PLH is a 12-step parenting curriculum that aims to reduce violence against children. In the Philippines, the PLH pilot targets parents of two- to six-year-olds. Trained instructors deliver the program in group classes which include role-playing, homework assignments and reflection on parenting styles. The Filipino program is nested in the Department of Social Work and Development’s conditional cash transfer program. In order to receive payments, parents must attend these classes.
Portland pushed drugs, crime and gangs out of a public park by putting on exercise classes, concerts and other activities designed to attract families. Cypress Equities, which owns a local mall, provided funding for a public-private partnership to revitalise the area. The partners hired Biederman Redevelopment Ventures to develop programming like yoga and Zumba classes, a free library, ping pong, concerts, café tables and a communal piano. PP&R contributed urban park specialists to design activities as well as staff to run them.
Los Angeles has reduced endemic gang-related violence by engaging millions of residents and creating thousands of jobs for at-risk youth. The city has reclaimed parks formerly controlled by gangs, collected 14,442 guns and reduced gang-related crimes by 34%. The project has reduced gang crime by buying back guns in exchange for grocery vouchers and organising summer family events in parks where gang members previously congregated. Young people at risk of becoming involved with gangs are hired to work at the family events, and paid in part with funding from foundations and businesses like Coca-Cola and Disney. The organisation has also fostered greater cooperation between the police and members of the community.

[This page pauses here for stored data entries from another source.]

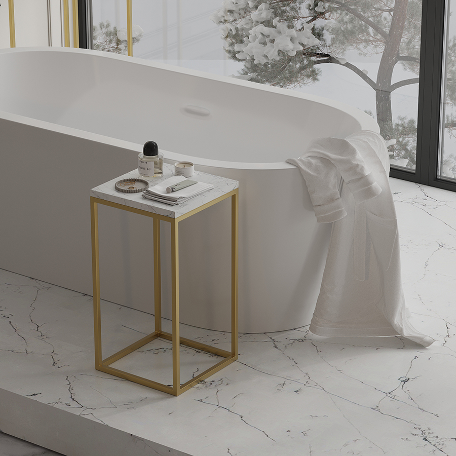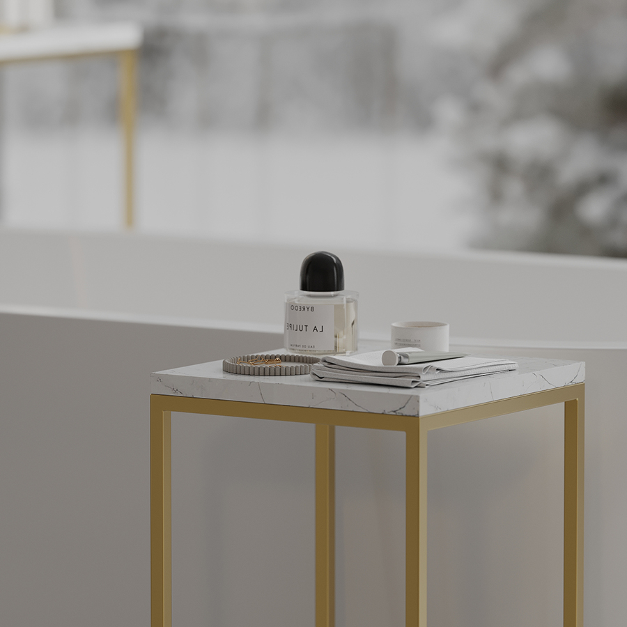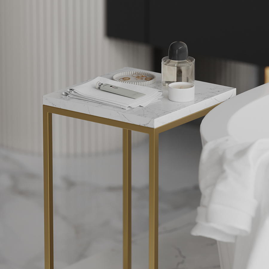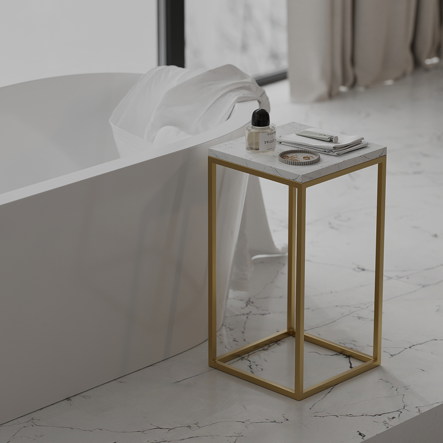 - За счет столешницы из мрамора и основания золотистого цвета модель выглядит презентабельно и элегантно.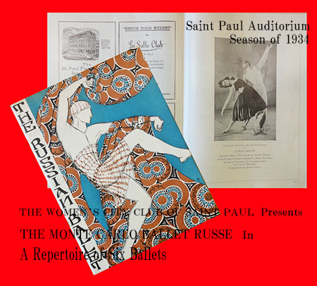 少し前、と云ってもよく考えれば10年ほど前までは、それでもまだ年に1度位は市場で目にしていたような気がするバレエ・リュスのパンフレットも最近は全く見なくなりました。今回入荷したのは残念ながらディアギレフ没後、バジル大佐が率いたバレエ・リュス・ド・モンテカルロのもので、1934年、アメリカはミネソタ州の婦人クラブが招聘した公演のパンフレットです。従って英文。2月12日から14日までの3日間・4公演で6演目。ディアギレフのバレエ・リュスから継承したプログラムはレ・シルフィード、白鳥の湖、カルナバルの3つ。カルナバルではバクストの舞台美術を使用していたようです。また、1933年に制作され、レオニード・マシーンの振り付けでモンテカルロの代表作となった「美しきドナウ」が3公演でプログラムに組まれている他、ドラン作、オーリック音楽、バランシン振り付けの作品なども。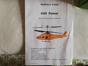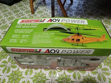 Vendo elicottero A09 Power della Sabattini,4 canali. Completo di telecomando, alcune eliche rotte e 4 eliche nuove. Non dispongo invece della batteria che quindi non è inclusa nella vendita. Includo un alimentatore da testare.
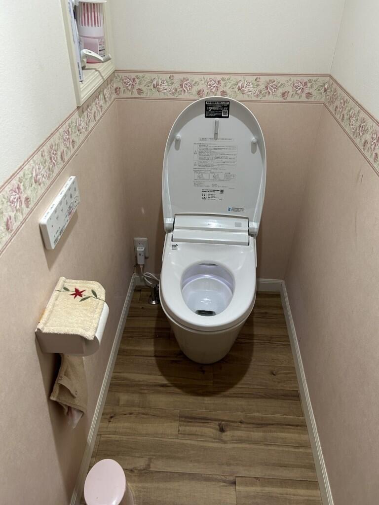 この度トイレの取替工事をさせて頂きました。 トイレが古くなったことをきっかけにご相談いただきました。 お掃除を楽にしたいというご要望をもとに今回リクシル製の「サティスS」をご提案させていただきました。 全自動の「お掃除リフトアップ」機能を喜んで頂きました! 取替処分費、給水位置移設、商品代、内装工事込みで約40万円 工期は一日でした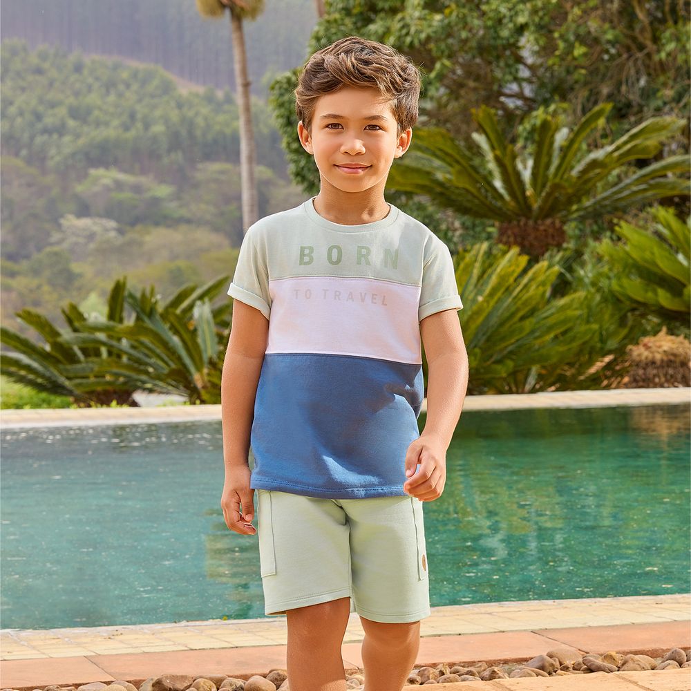 A parte superior é composta por camiseta em meia malha 100% algodão, oferecendo toque macio, respirabilidade e excelente conforto térmico. A modelagem é confortável, com mangas curtas e gola redonda, proporcionando ótimo caimento. A estampa localizada com lettering adiciona um visual contemporâneo e discreto, valorizando a peça com sutileza e equilíbrio.
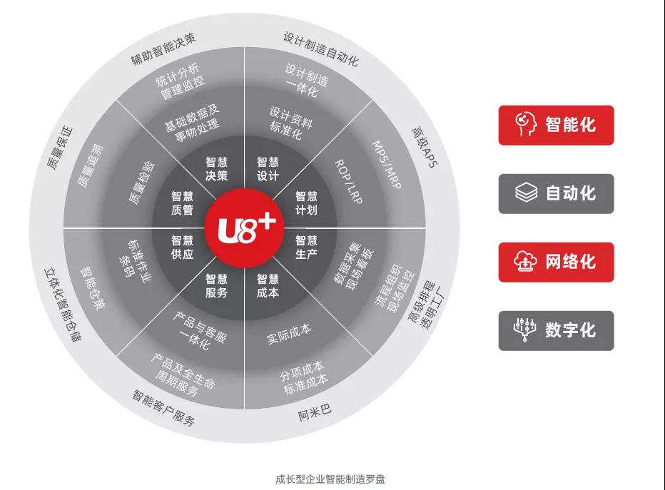 用友U8+秉承【智能制造 智能管理】的理念,从成长型企业的数智化基础现状出发,基于工业互联网管理特点和要求为成长型企业制造数智化升级转型提供一套全面、分层级的升级模型。内容涵盖制造企业的设计、计划、物流、生产、质量、财税和服务方面,奠定智能管理的基础,助力企业实现产业升级,逐步迈向智能制造。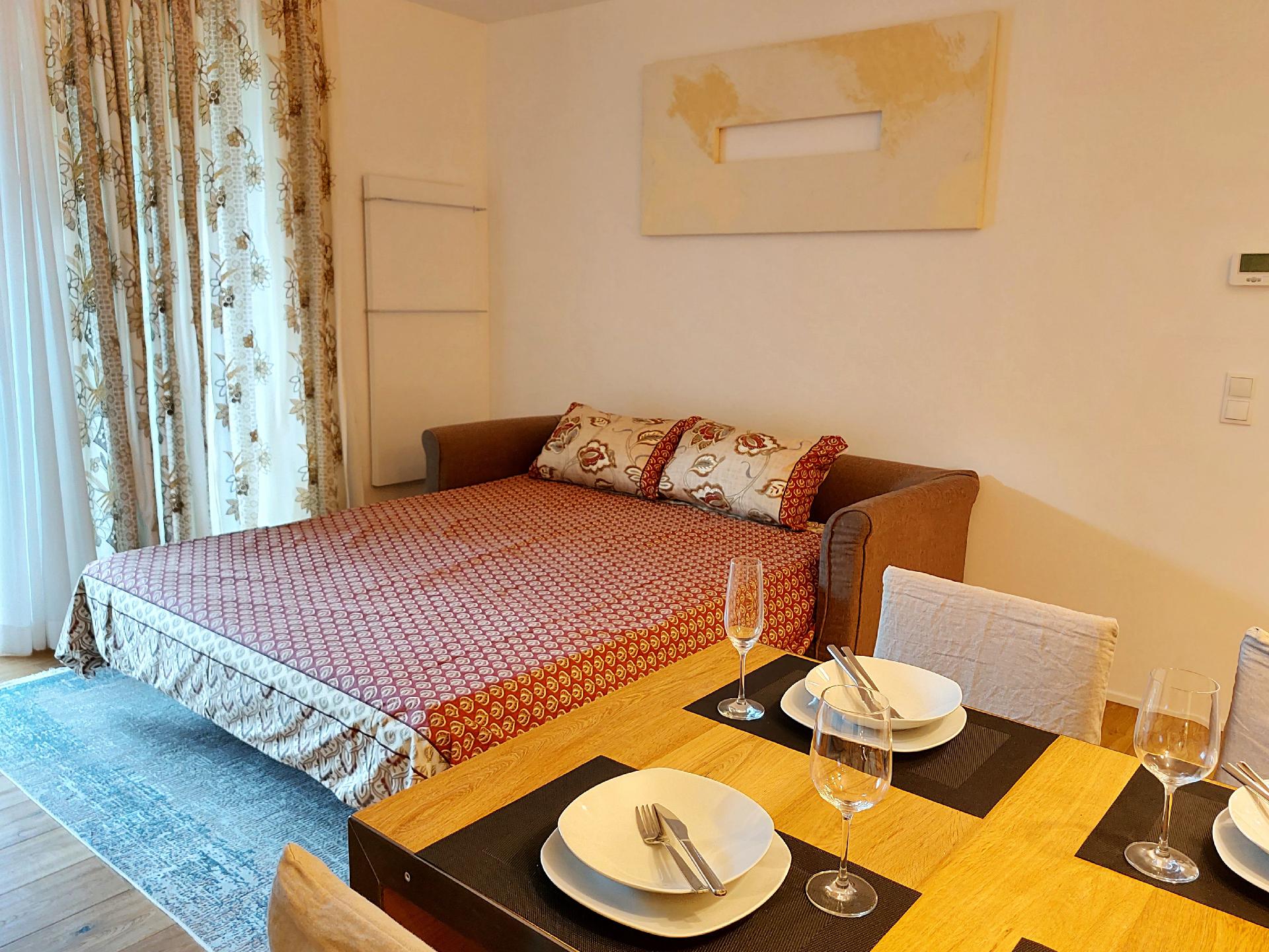 Im Inneren des Apartments erwarten Sie einladende Räume, die mit neutralen Farben und Naturholz gestaltet sind, um eine ruhige und erholsame Atmosphäre zu schaffen. An kühlen Winterabenden sorgt ein schöner Holzofen für zusätzliche Gemütlichkeit. Die Küche ist voll ausgestattet mit einem Induktionskochfeld, Mikrowelle, Kühlschrank, Geschirrspüler und einer Nespresso-Kaffeemaschine, die selbst den anspruchsvollsten Genießer zufriedenstellen werden. Das Badezimmer ist modern eingerichtet mit einer Dusche und einem Bidet, um Ihren Komfort zu gewährleisten.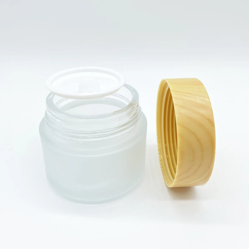 Баночка для крема из матового стекла с деревянной крышкой для макия...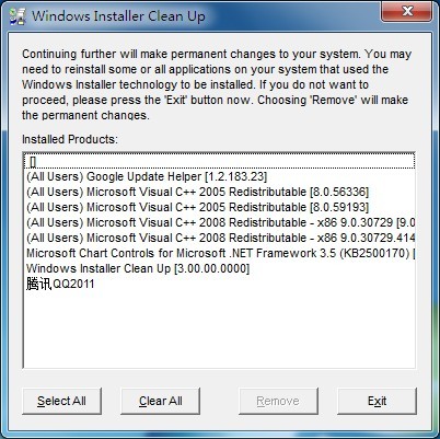 如果您在安裝或刪除程序的時(shí)候遇到了Windows Installer方面的問(wèn)題,用 Windows Installer Cleanup Utility(Windows Installer 清理實(shí)用程序)刪除以前程序的安裝信息后再試就沒(méi)問(wèn)題了.如 Office 和 Visual Studio 無(wú)法順利卸載,也無(wú)法安裝的問(wèn)題,用了它之后都解決了,可以順利的重新安裝想要的程序。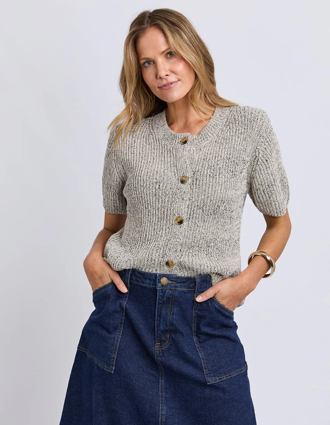 Davina Short Sleeve Knit - Oat Marle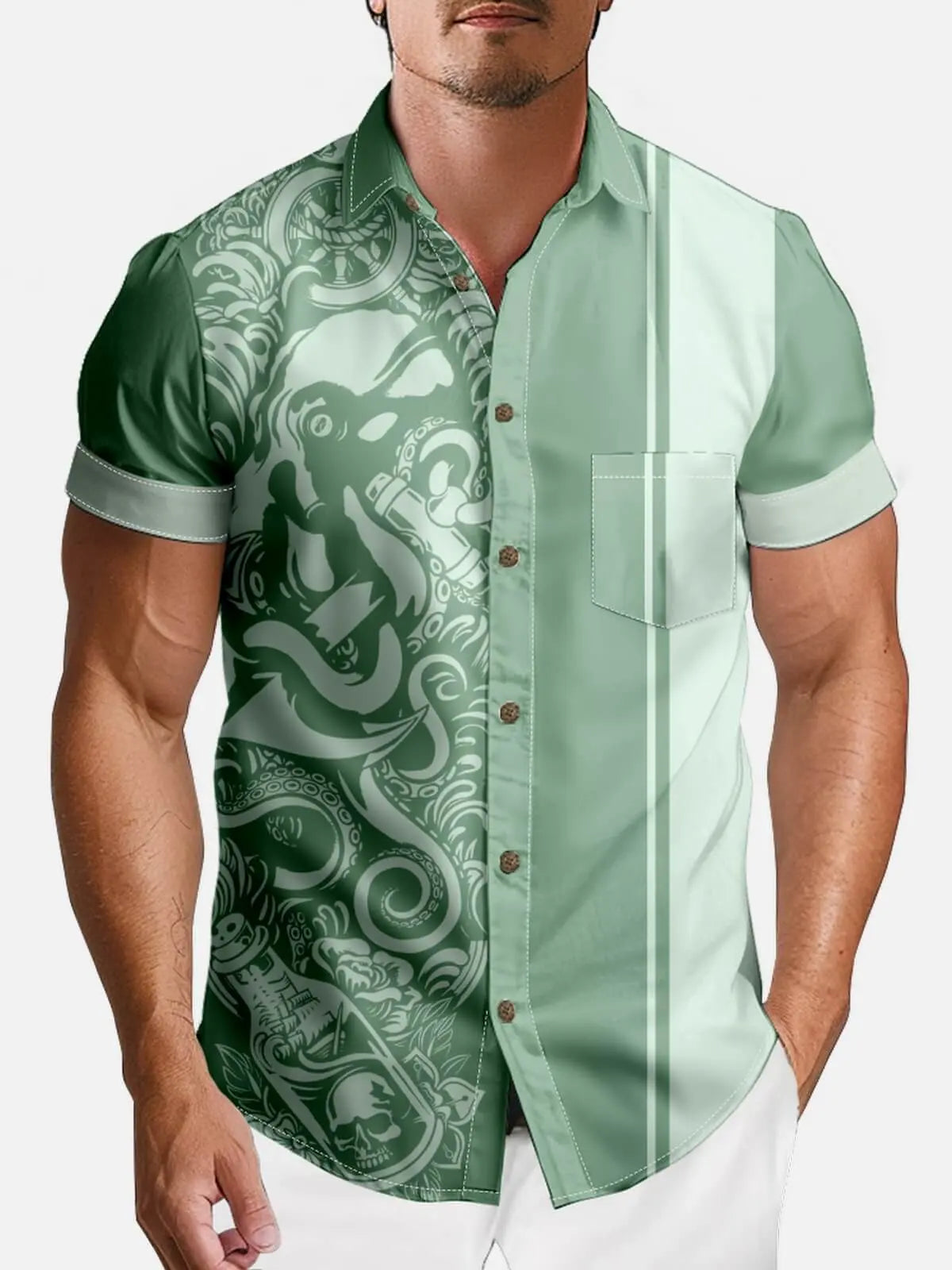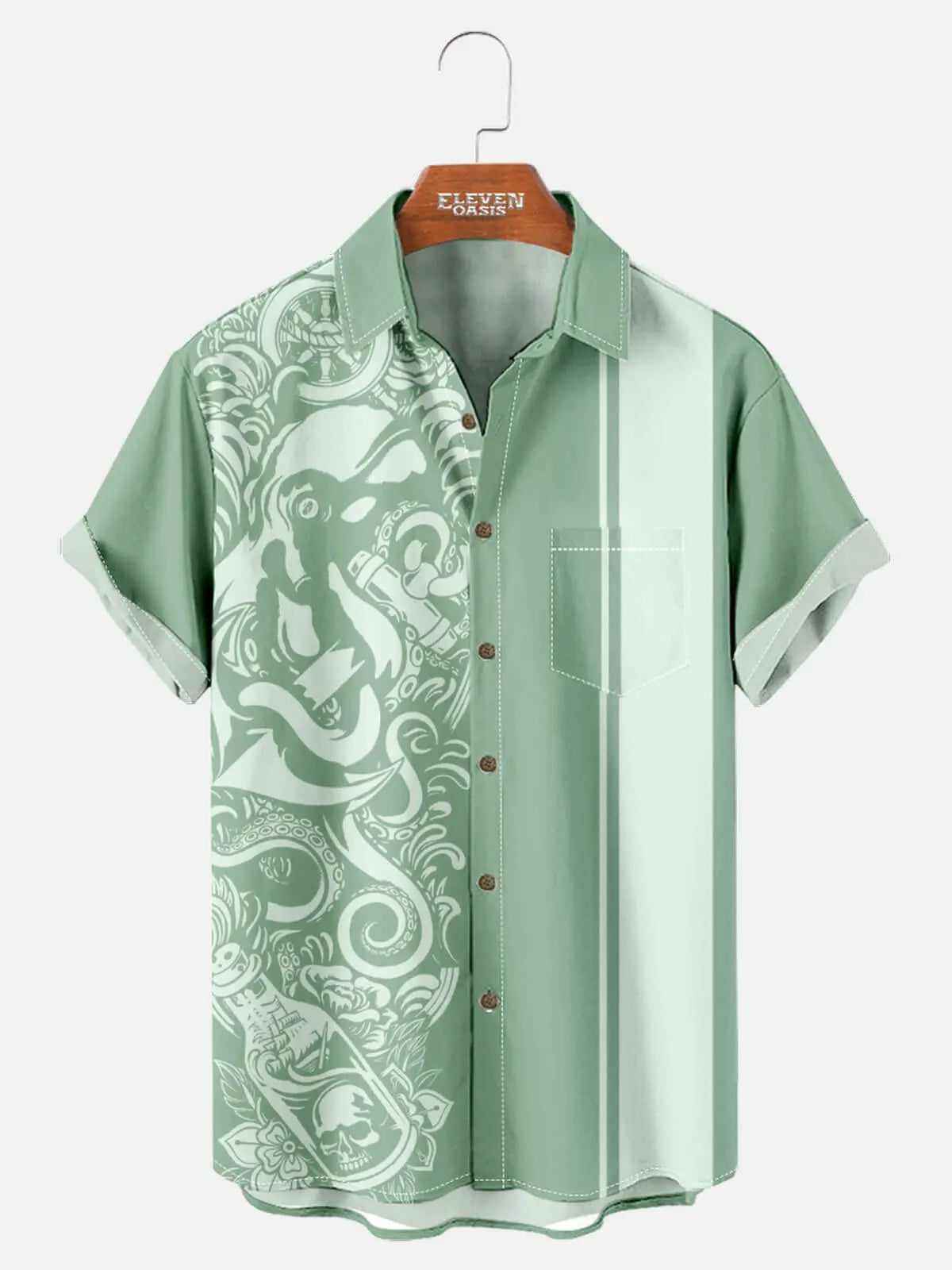 Drenched in deep tones and rich detail, this shirt features an all-over tattoo-style kraken design with shipwrecks, messages in bottles, and swirling tentacles. Paired with sleek shadow stripes, it’s a bold tribute to nautical lore and dark maritime legends — perfect for after-hours adventurers.

Social enterprise trains Nigeria’s online scammers as tech entrepreneurs. Paradigm Initiative’s 10-week training program only accepts applicants with high potential and a passion for technology who lack the financial means to learn tech capacities on their own. The students are trained in critical skills, such as coding and using computer programs like Excel, as well as how to manage money and interview for jobs. Paradigm Initiative helps the students find high-profile internships with partners like the US Embassy, Afrinvest and DHL. The social enterprise has five offices across Nigeria, in Aba, Ajegunle, Kano, Yaba and the capital Abuja. Paradigm Initiative also trains non-profits and schools in digital rights and security, and writes reports on Internet freedom throughout Africa.
Edmonton has brought together a 22-person task force of public officials, businesspeople, charity bosses, doctors and religious leaders to bring all their various resources to bear on ending poverty. It incentivises the private sector to participate by emphasising that it stands to gain economically. To win widespread community backing, the task force has solicited some 400 recommended actions, 35 of which have been selected as priorities.
Preventing violence means changing the norms that allow violent behaviours to flourish. Uzikwasa takes a two-pronged approach: a series of interactive leadership programs shift local leaders towards more equitable, rights-based and gender-responsive forms of governance, while a multimedia campaign disseminates the message across Pangani. The media program live broadcasts training sessions and creates programming with local partners, including feature films which are screened across the district. Interactive discussion sessions follow to engage the community to reflect on the harmful norms that are present in their own homes and communities.